I think back to months ago, when they kidnapped me and how heartbreaking it was to watch my family mourn my assumed death. How horrible it made me feel when they called off the investigation, seeing my Mother bawl and knowing that she did that even when the cameras weren’t rolling. 

I remember back to my life before all this, and how I wasn’t exactly happy there either. I worked my butt off and gave all my money to my parents because without it I knew we would be worse off than we already were. My Mother worked at a factory separating car parts, and my Father hadn’t been able to return back to work due to health issues. For so long I neglected thinking about them, I didn’t want to know how my parents were, or were not getting by without me. But it seemed impossible now. It seemed impossible not thinking about them knowing how hard it must be for them to think of me as dead but not know for sure. To always question. Soon they would come to terms with that fact, if they hadn’t already, and I would be stuck here killing another girl before my own unquestionable death.

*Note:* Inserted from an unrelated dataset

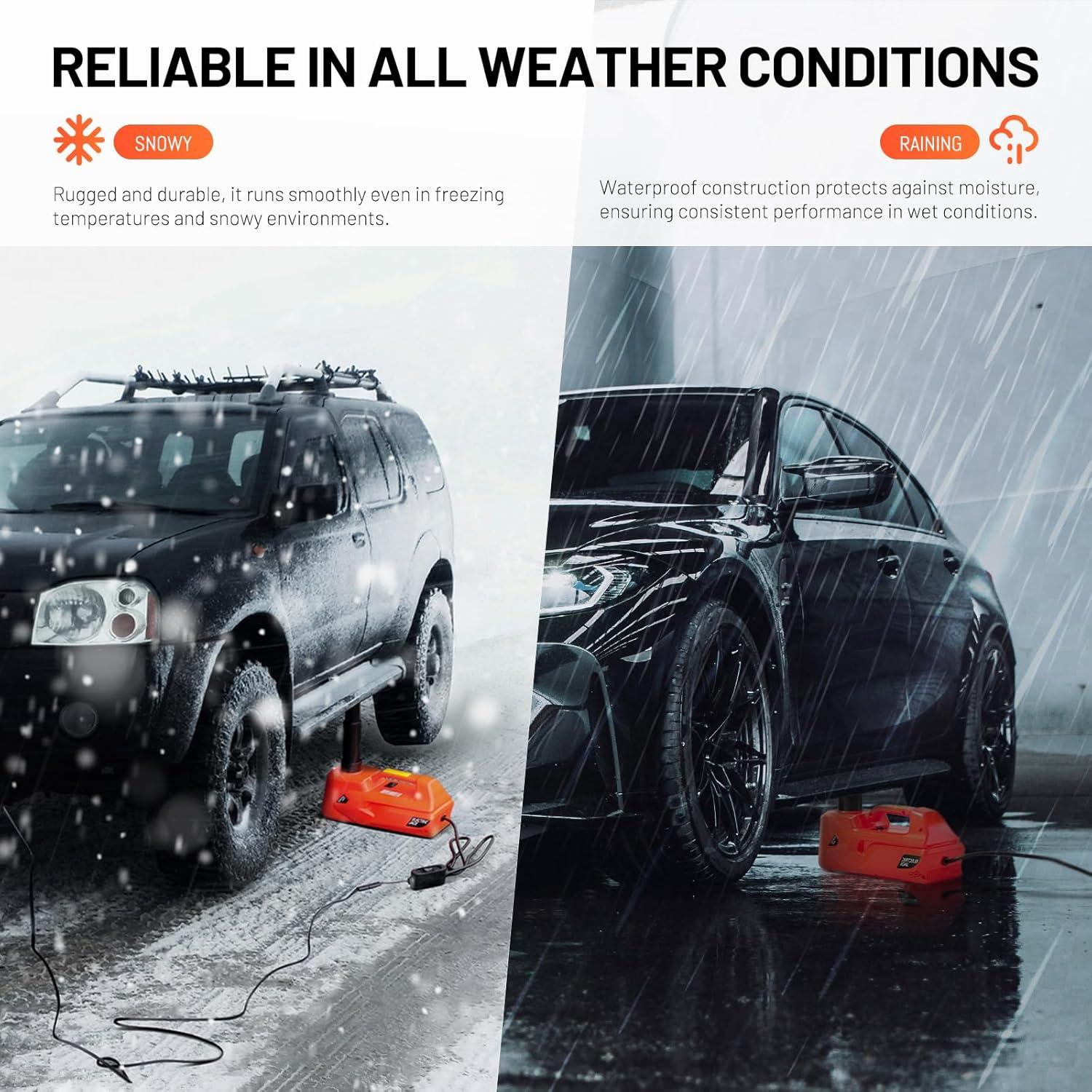 • Powerful Performance: With the ability to lift vehicles weighing under 5 tons, this electric car jack is a dependable tool for a variety of vehicles. Thanks to the built-in double motor, it can effortlessly lift a car or SUV in just 2 minutes. The high-power engine is compatible with almost all types of vehicles, including sedans, SUVs, MPVs, and trucks.

I didn’t know what cut deeper, knowing I would die once these people, these people that just hours before I was joking around with and eating happily with, were done with me or the fact my parents already believed I was dead. Tears came before I had any warning of them, warming my cheeks. 

I stared up at the moon, through the grimy window as tears poured down my face. I was nice to these people, or as civil as possible and they didn’t even like me back. They didn’t like me, they didn’t want to guard me for my own protection. The twins and Noah went to the school to make sure I couldn’t get away… did I think anything else? Did I think we were friends?

I heard the shower squeal signaling that Noah was getting out of the shower, and I rushed into the shared bedroom, climbing into bed to fake sleeping. Noah didn’t need to hear me cry, and I went as stiff as a board when light spread across the room, along with steam from the hot water. He flicked the light off, and crawling into bed carefully trying his hardest to not shake the bed.

I kept my eyes closed, willing the tears away but they still came down tickling my skin almost painfully because I couldn’t brush them away. If Noah caught me crying, he would only yell at me again and at the moment as I relived vivid images of my family and of the life I would never have again, being yelled at was the last thing I needed. Noah settled into bed, and I couldn’t risk opening my eyes to see which way he was sleeping fearing he could be facing me. The darkness in the room would shield my tears from his eyes, but I knew my voice would be uneven.

Suddenly, something brushed my hair back and I tried my hardest not to flinch away from the unexpected touch. My mind raced as I tried to figure out what he might be doing, but then I felt his hand run through the hair he could access. I felt warm breath dance across my forehead and without warning Noah’s lip met my skin. I couldn’t stop myself from jumping out of my skin and open my eyes to stare at him. Noah looked just as surprised as I felt.